Before she went away, my sister asked me if I’d ever heard of phantom limbs.

“What? Like ghost arms and legs?”

She shook her head. “Nah. Not really. It’s like, when someone gets a part of themselves amputated. After that limb is cut off, the person can still feel it there for a while. They get a leg chopped off for some reason, but that leg still feels pain. It still itches. Feels like it’s still hanging there, like their body is intact, but it isn’t. It’s a total mindfuck.”

“That’s weird,” I said, imagining a leg in a jar somewhere, itching with no hands to scratch it.

“What I’ve got, I think it’s phantom parent syndrome.”

“Major mindfuck,” I said.

“Don’t say ‘fuck.’ You’re little. But, yeah.
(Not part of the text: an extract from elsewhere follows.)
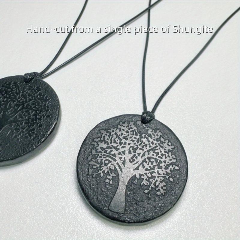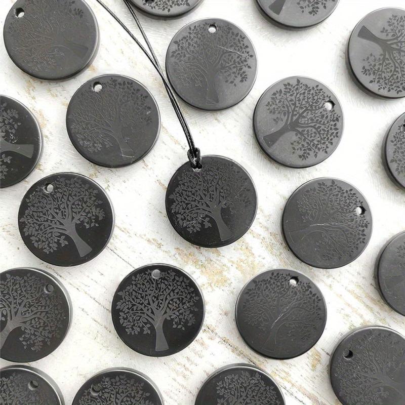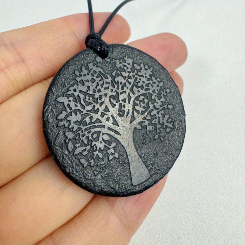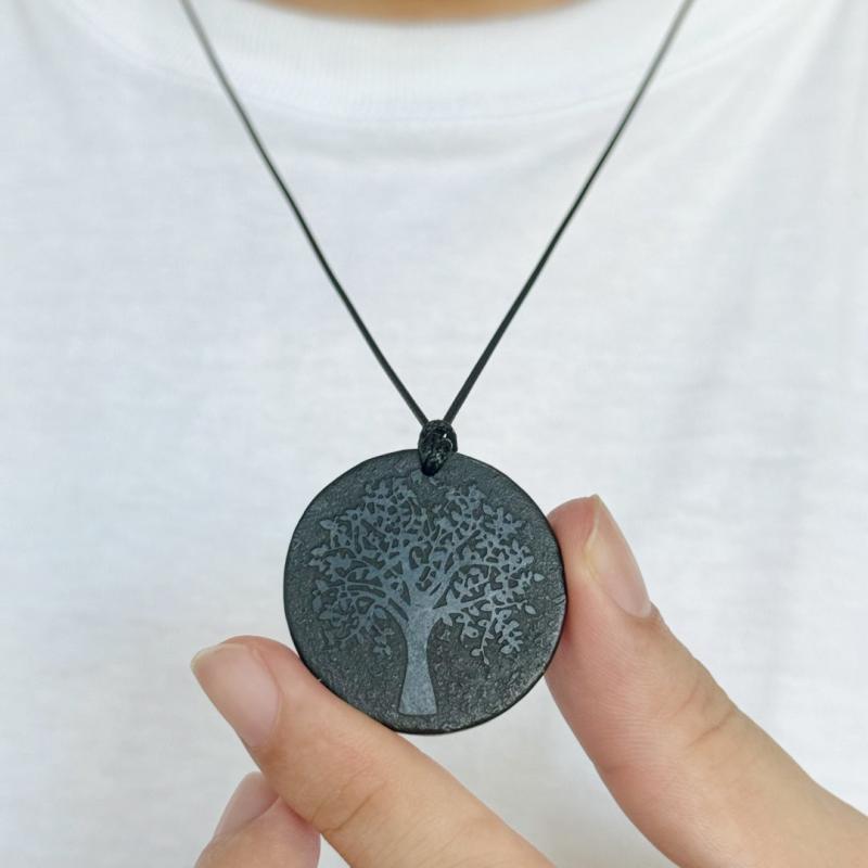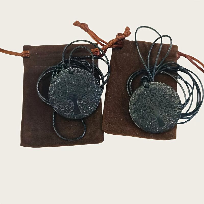Add a touch of nature to your look with these handmade Karelian Shungite pendants. Each pendant features a Tree of Life engraving and comes with a pouch for safekeeping. Perfect for reiki, yoga, and meditation.

It’s a major mindfuck.”

Sitting there on the curb with Bronwyn — the new and improved Theresa — I think about how I never had phantom parent syndrome. No itching leg in a jar somewhere. No mindfuck. Just a blank space.

I tell all this to Bronwyn. I ask her how I’m supposed to make peace with a blank space, with a thing I don’t know.

She shrugs. “I dunno. I guess you have to imagine things. Or make shit up. You know, sort of fill it in. That’s all you can do with blank spaces.”

We’re not even expecting it when Dom comes and plops down next to us. He’s holding a loaf of bread, a pack of smokes and a big bag of beef jerky.

“What’s the bread for?” I poke the bread.

“For the beef jerky.” He says this like it should have been obvious to me.

“Beef jerky sandwiches?”

“Well, why not? The beef jerky was easier to snag than the bologna. And it’s more delicious.”

“You took the easy way out?” Bronwyn laughs. “You’re getting rusty.”

“Hey, if you two don’t want any, I’ll eat all the beef jerky sandwiches.”

“No!” I grab the loaf of bread. “We want, we want.”

Hunched over and huddled together to hide the evidence of our crime from the night shift clerk inside, we sit there on the curb in front of the 7-Eleven eating beef jerky sandwiches. Aside from a short discussion about which condiment would make them even better, we chew in silence, absorbed in a brief moment of peace.